# Überträgt HDMI 1.4 120Hz auf TFT Monitore



## sbkenzo (20. August 2011)

*Überträgt HDMI 1.4 120Hz auf TFT Monitore*

gelöscht


----------



## OctoCore (23. August 2011)

*AW: Überträgt HDMI 1.4 120Hz auf TFT Monitore*

120 Hz mit HDMI? Würde ich mich nicht drauf verlassen. In welcher Auflösung?
Wirf mal einen Blick in die Wikipedia
Die Sache scheint nicht so unkritisch zu sein. Da würde ich lieber bei DVI bleiben.
HDMI macht 3D-TV möglich - aber das läuft nicht mit 120 Hz, wie die Sache mit den Shutterbrillen am 120 Hz-Monitor. Ist ein anderes Verfahren.
Nachtrag: HDMI ist von der Bandbreite ja beschränkt, weil single Link.
Schau mal >hier<.
Natürlich können die Grafikkarten in der Regel Dual Link (auch onboard), nur eben nicht bei HDMI-Anschluß.
120 Hz mit Full-HD wirst du wohl nur mit dem DVI-Anschluss hinbekommen, wenn ich nicht ganz falsch liege.


----------



## Herbboy (23. August 2011)

*AW: Überträgt HDMI 1.4 120Hz auf TFT Monitore*

Die Grundfrage wäre eher: was genau ist denn Deine "Sorge" ? Ist Dein Notebook stark genug für locker mehr als 60-80FPS, und Du willst die FPS dann halt auf dem TFT auch nutzen, oder hast Du nur Sorge, dass das Bild mit 60Hz in irgendeiner Form schlechter ist?


----------



## OctoCore (23. August 2011)

*AW: Überträgt HDMI 1.4 120Hz auf TFT Monitore*

Das Bild soll mit 120 Hz besser sein. Wurde zumindest in der PCGH und anderswo geschrieben. Unabhängig davon, ob der angeschlossene Rechner bzw. die Grafikkarte 200 oder 20 FPS liefern kann.
Aber ich habe das so verstanden, weil er auf HDMI 1.4 herumreitet: HDMI 1.4 kann 3D. 3D bzw. Stereoskopie am PC braucht einen 120 Hz-Monitor. Also kann HDMI 1.4 einen Monitor mit 120 Hz ansteuern.
Klar kann HDMI einen Monitor mit 120 Hz ansteuern.
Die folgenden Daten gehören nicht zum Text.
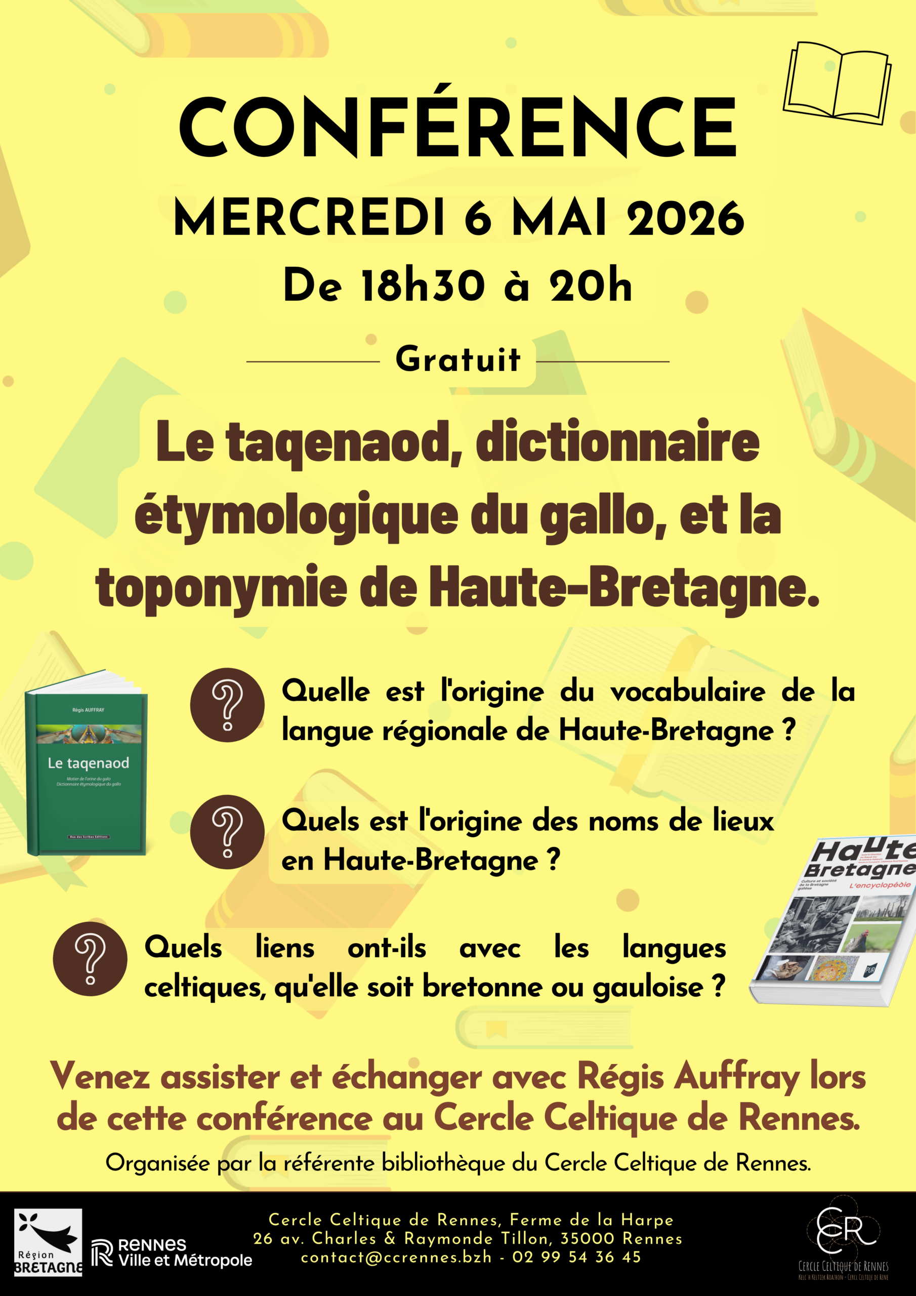 Mercredi 1er avril 2026 de 18h30 à 20h, venez assister à une conférence organisée par la référente de la bibliothèque du Cercle Celtique de Rennes et animée par Dominique Degano et Stéphane Desmars. "Les bretons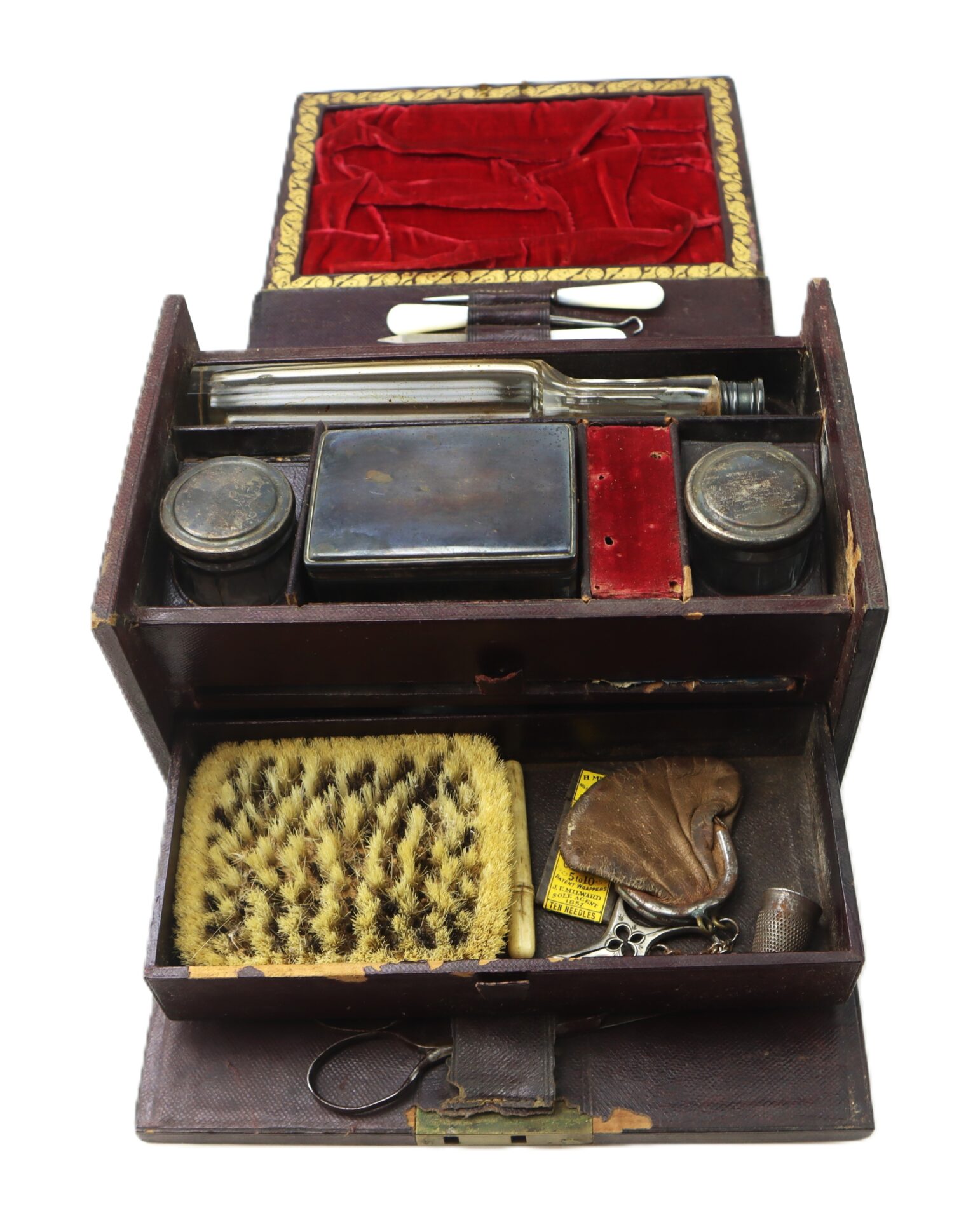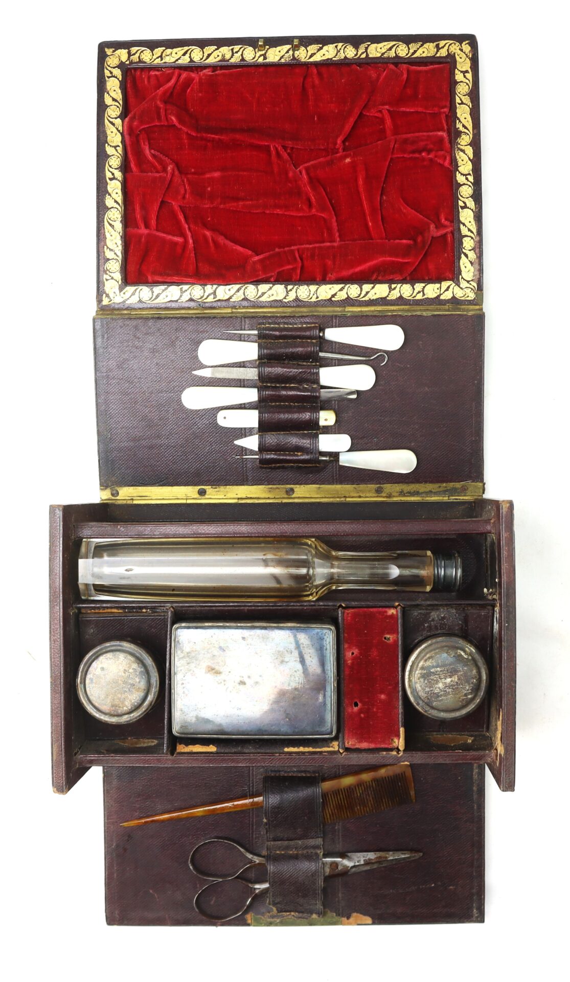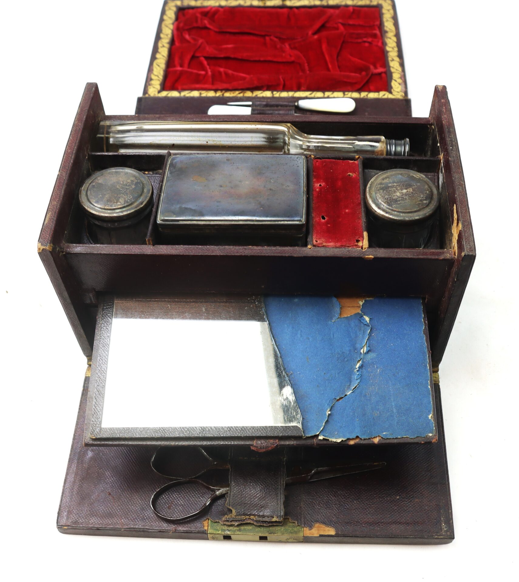 Inside are various compartments lined in velvet and Morocco leather, including: Mirror set into the lid with its original blue paper backing, Scissors and tortoise shell comb secured under leather straps, Glass and metal canisters for pomades, ointments, or powders, Blown glass bottle with ground stopper for cologne or spirits, Mother-of-pearl handled manicure tools including nail files, button hook, cuticle tool, and ear spoon, Brush with animal hair bristles, Small coin type pocketbook and sewing accessories including needles in their original yellow packet.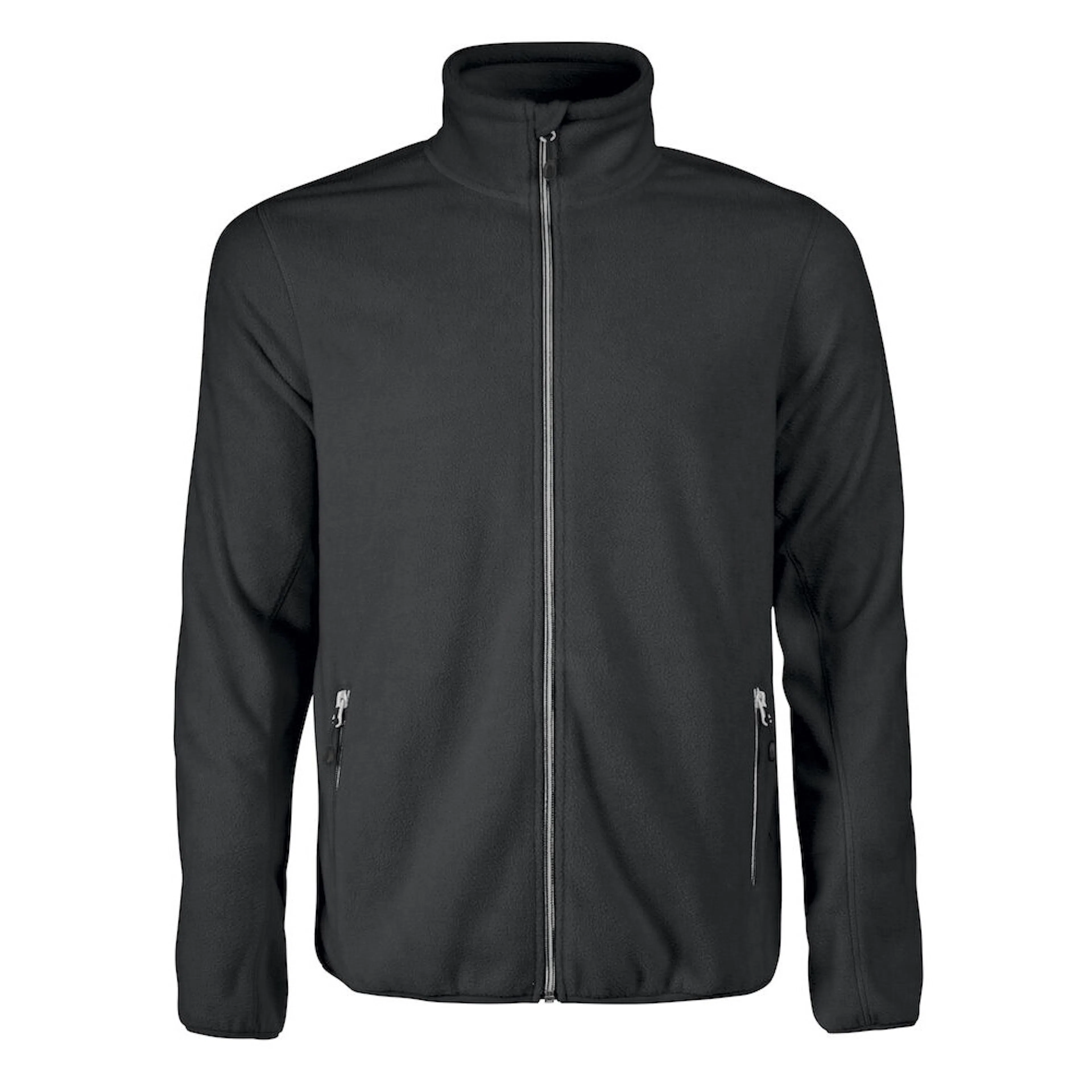 Dubbelsidigt borstad fleecejacka, Framfickor och öppning med kontrasterande dragkedjor, Dekorativ flatlocksöm på ärm och elastisk tape vid ärmavslut och nederkant,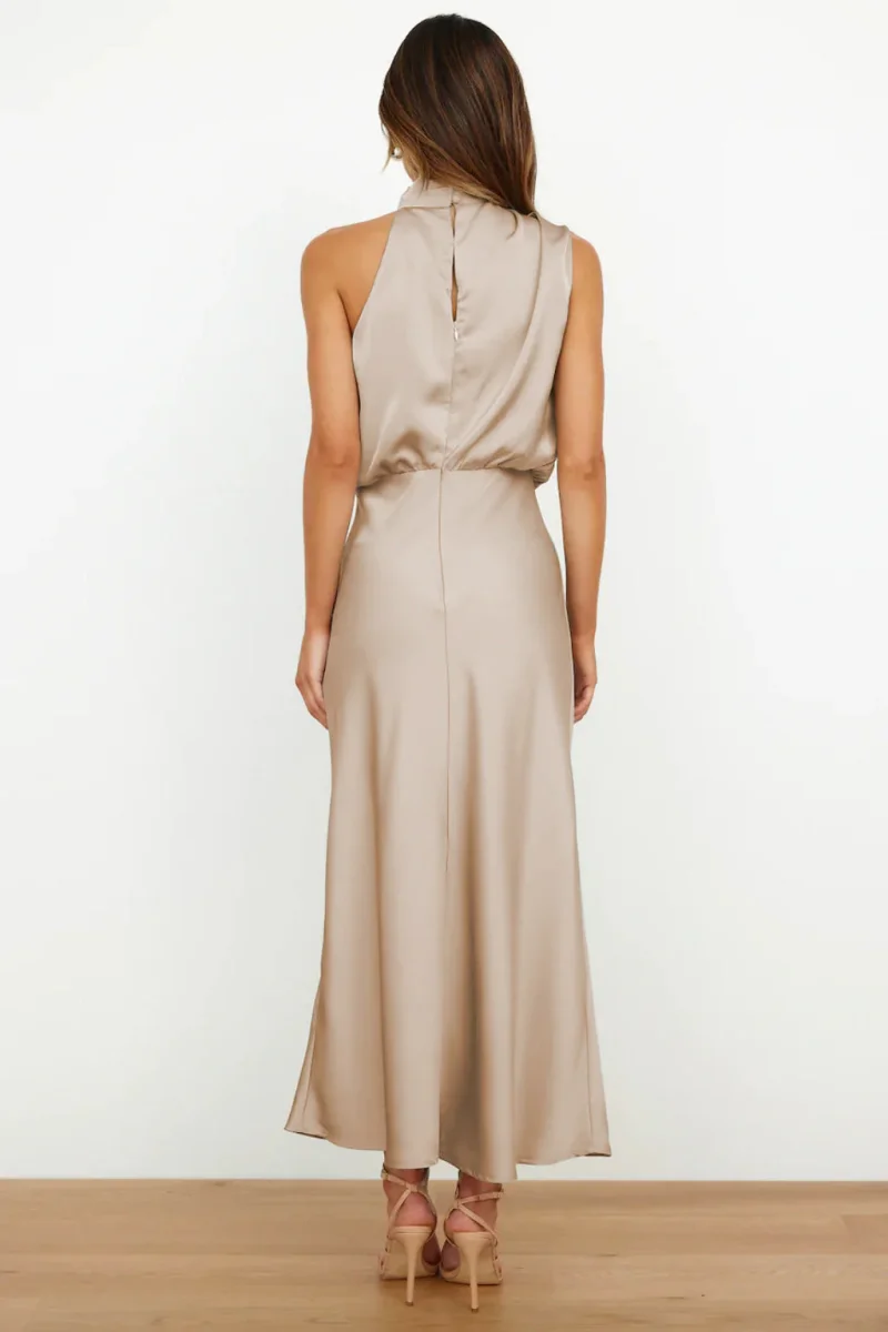 Vestra | Vestito Lungo in Raso con Scollo Halter Neck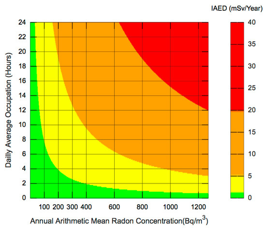 Figure 4 depicts the IAED as a function of the AAMRC and the Daily Average Occupation (DAO), cf. Equation (2), in the interval between 0 and 1270 Bq·m−3, and 0 to 24 h, respectively.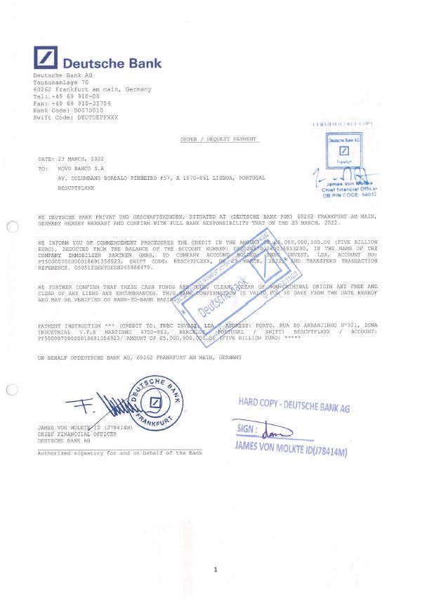 O documento — que junta ainda uma aprovação do Bundesbank para a transferência dos fundos para Portugal assinada por um responsável chamado Gunter M. Dunkel — será um entre vários através dos quais a FNBC procura provar que a sociedade Immobilien Partner GMBH transferiu 5 mil milhões de euros no dia 23 de março de 2022 para uma conta da empresa no Novobanco.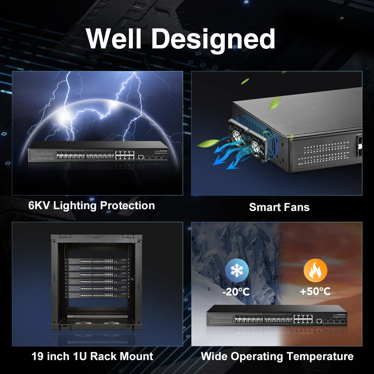 Q: Can this switch be used in enterprise environments?A: Yes, the MokerLink switch is designed for enterprise use, supporting features like VLANs, port security, and monitoring capabilities, making it suitable for complex network infrastructures.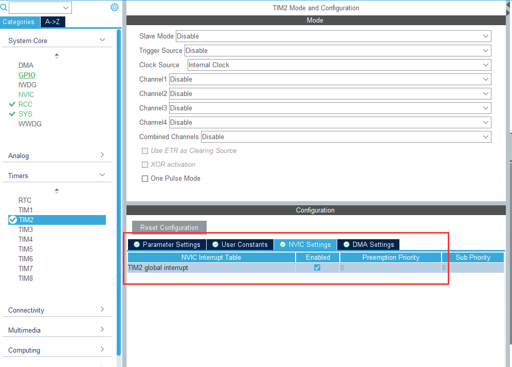 例如,定时时间为 1ms,可设置Prescaler = 72-1;Counter = 1000 - 1;(TIM2时钟频率设置为72MHz)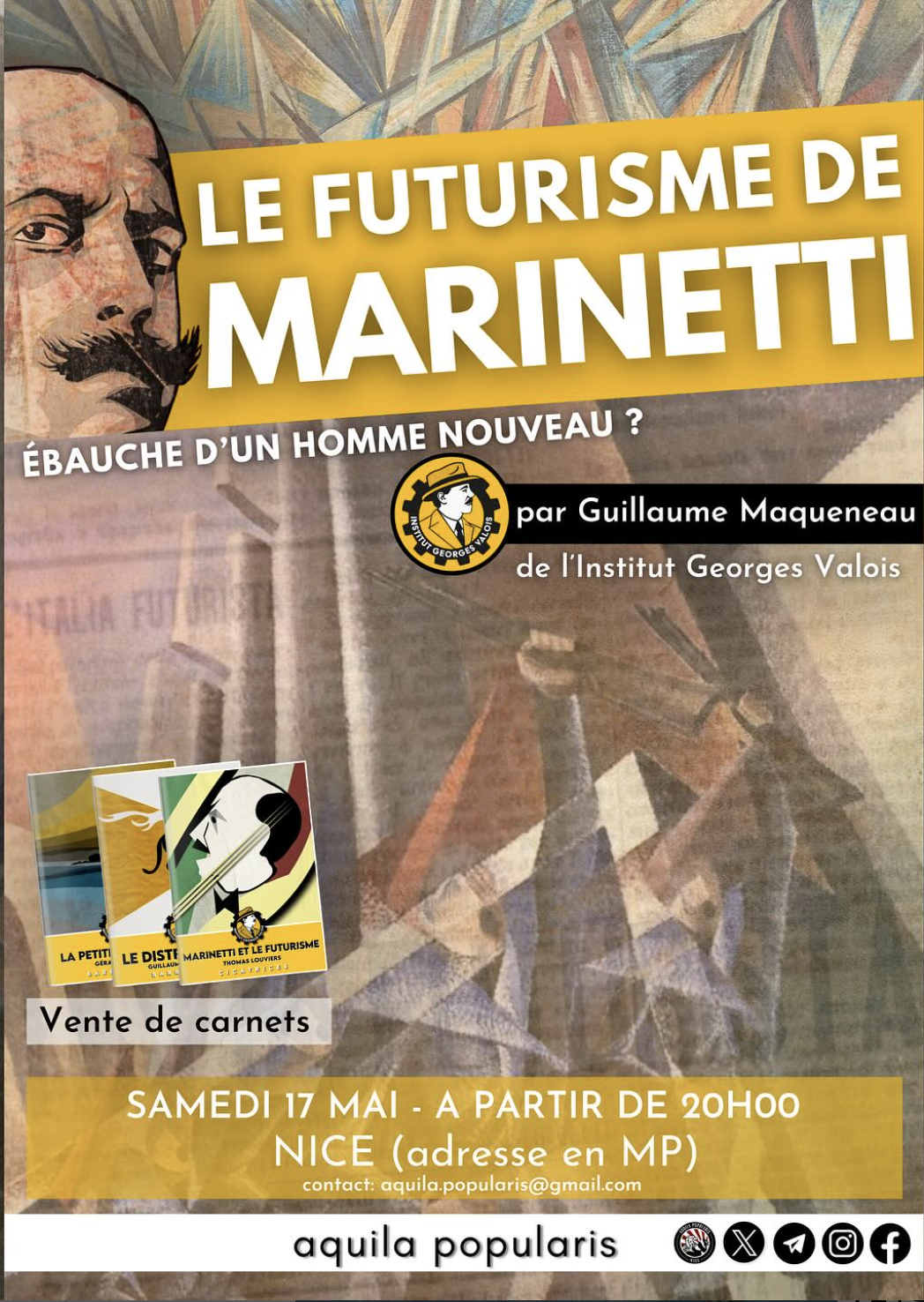👉🏻 Nous accueillerons ce samedi 17mai prochain Guillaume Maqueneau de l’@institut_georgesvalois afin de nous parler du futurisme de Marinetti, fusionnant l’esthétisme au politique.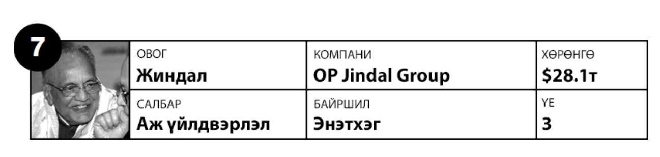 1952 онд гангийн үйлдвэрээс бизнесийн гараагаа эхлүүлсэн Ом Пракаш Жиндал компаниа эрчим хүч, цемент, спорт зэрэг олон салбарыг хамарсан "OP Jindal Group" конгломерат болгон өргөжүүлж чадсан. 2005 онд нисдэг тэрэгний ослоор нас барахаасаа өмнө тэрбээр Энэтхэгийн хойд хэсгийн Харьяна мужид эрчим хүчний сайдаар ажилладаг байсан юм. Түүний эхнэр Савитри компанийн ТУЗ-ийн дарга болж, дөрвөн хүү нь бизнесийн үйл ажиллагааг удирдаж байна.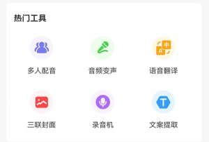 1、用户可在热门工具中使用多种功能,如多人配音、音频变声、语音翻译等。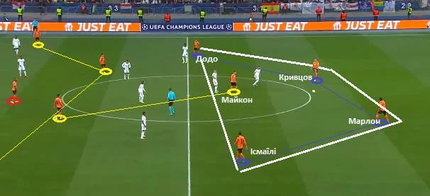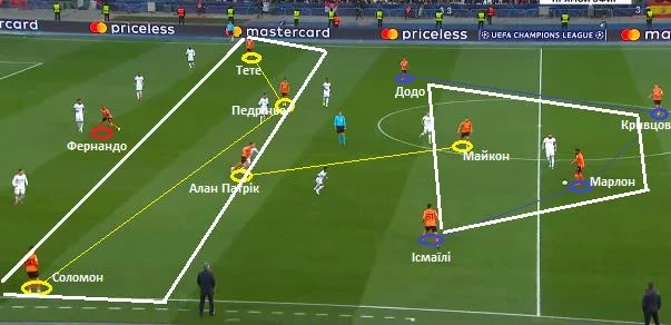 На скріншоті нижче можна побачити повну картину структури Шахтаря у другій фазі позиційної атаки.

Aber durch die beschränkte Bandbreite nur bei kleinen Auflösungen.
Die Grenze liegt bei 1600x1200 oder 1920x1200 - so aus dem Kopf fällts mir grade nicht so genau ein - bei 60 Hz.
Für 120 Hz in hoher Auflösung braucht man Dual-Link-DVI.


----------